**TRY IT:** As output, give the exact lines from the one containing "The sequin pants" through the end of the listing below, both included, without the pictures.

**DATA BELOW:**
------------------------------

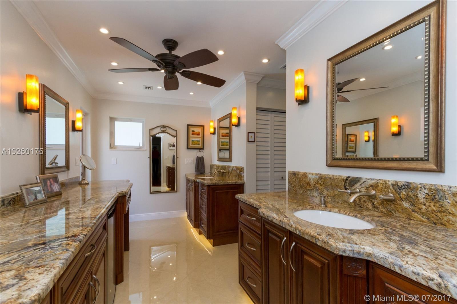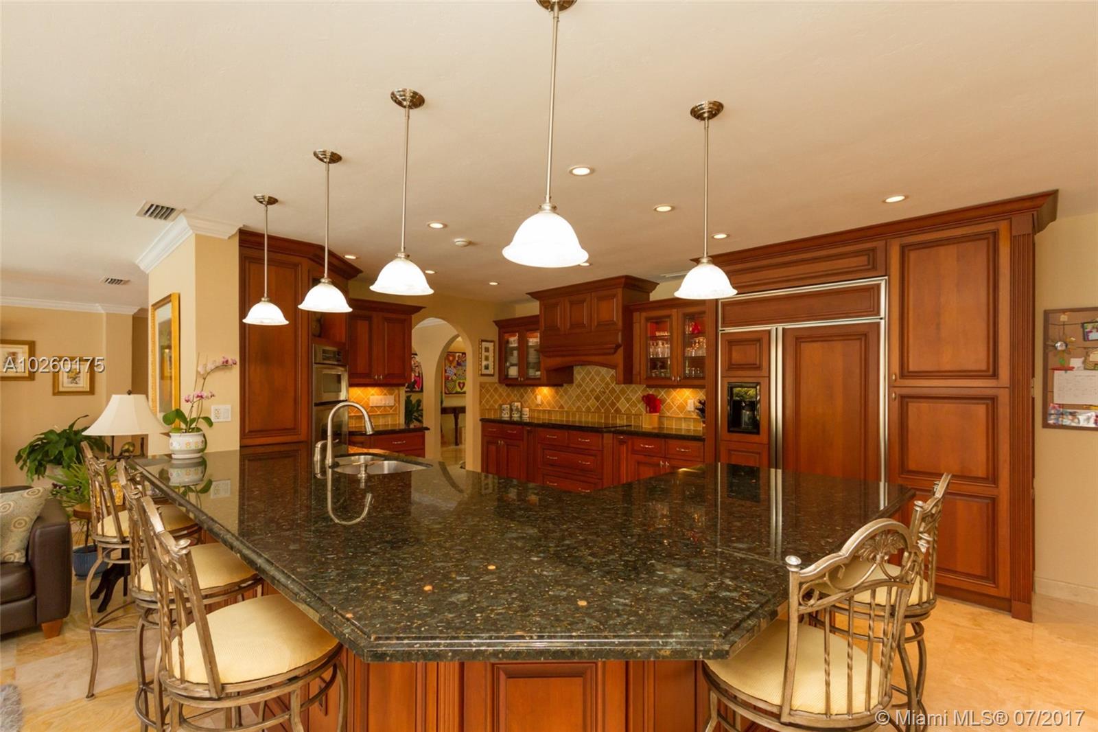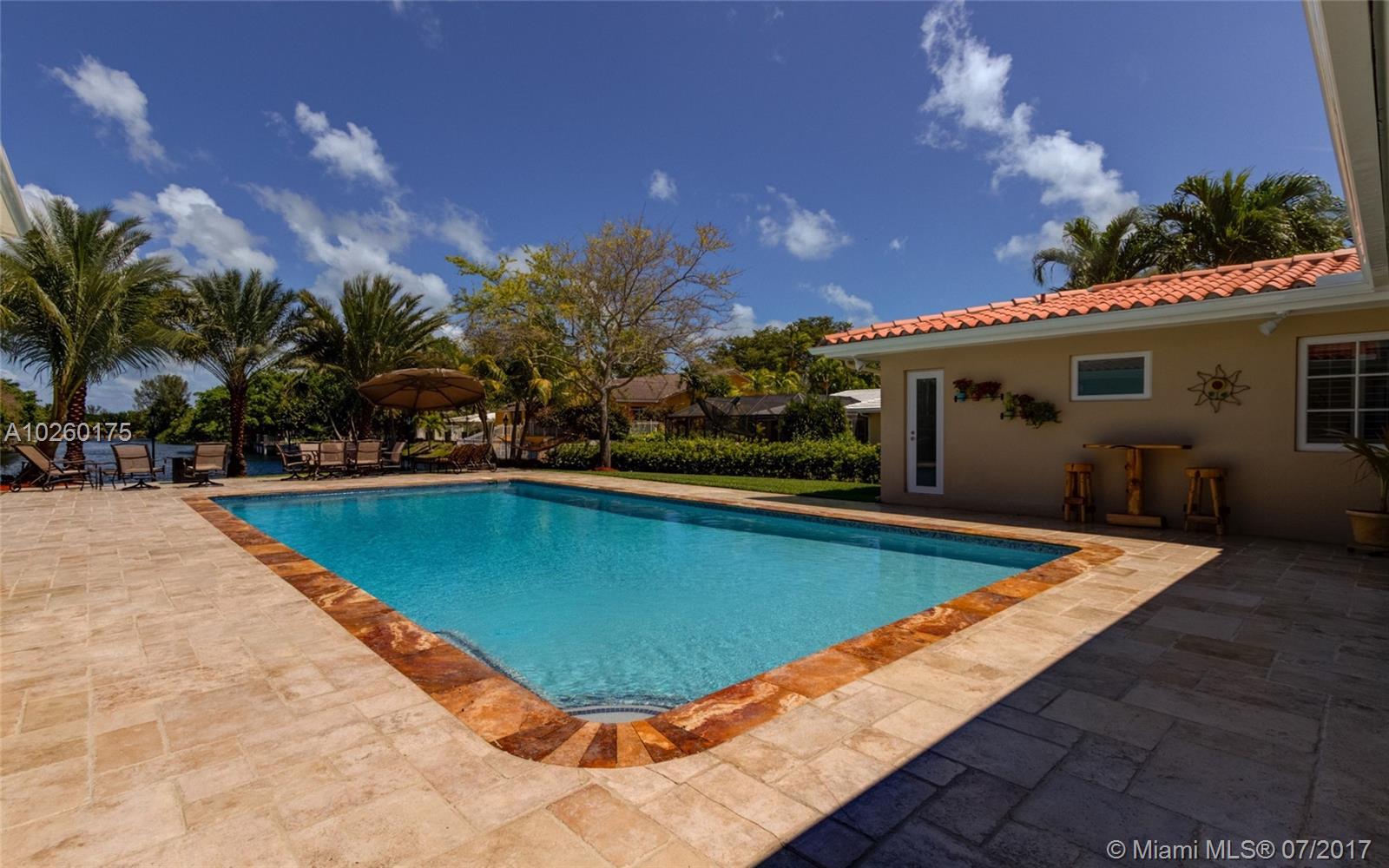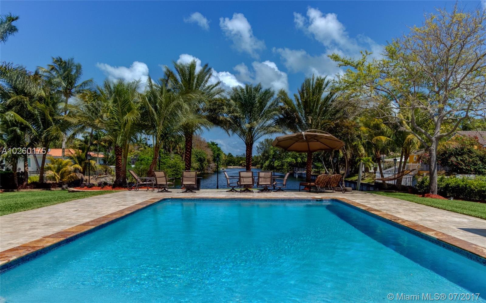 Stunning water views in gated Gables By The Sea! 4/3/2 home on more .5 acre. Completely renovated. Open floor plan. Chef's kitchen featuring cherry cabinets, granite counters, SS appliances; travertine & Brazilian cherry floors; impact windows/doors; plantation shutters; bathrooms with designer finishes; built-ins in closets/garage; salt water pool; large patio; lush landscaping/mature trees; outdoor LED lighting; alarm system; well water sprinkler system; invisible dog fence. Desirable school district.
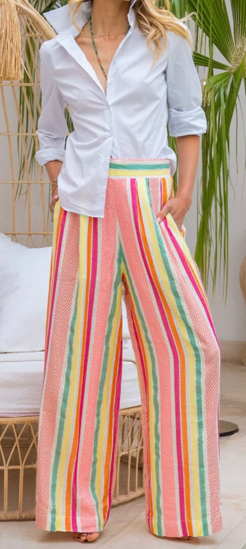 The sequin pants with Its smocked back and side pockets add a practical touch to these loose pants.
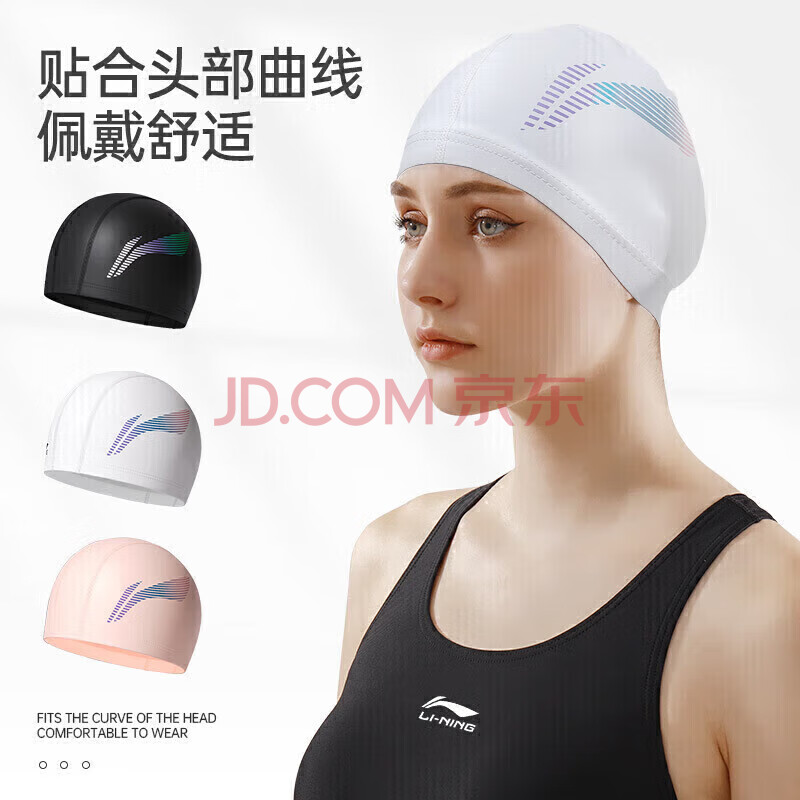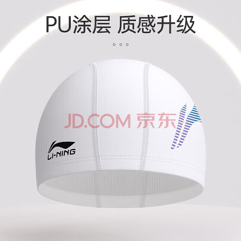 商品相册:李宁 LI-NING 泳帽男女简约游泳帽 PU涂层长发防水泳帽 护耳舒适不勒头 LNMT619-1 白色第

------------------------------

**YOUR SOLUTION:**
 The sequin pants with Its smocked back and side pockets add a practical touch to these loose pants.
 商品相册:李宁 LI-NING 泳帽男女简约游泳帽 PU涂层长发防水泳帽 护耳舒适不勒头 LNMT619-1 白色第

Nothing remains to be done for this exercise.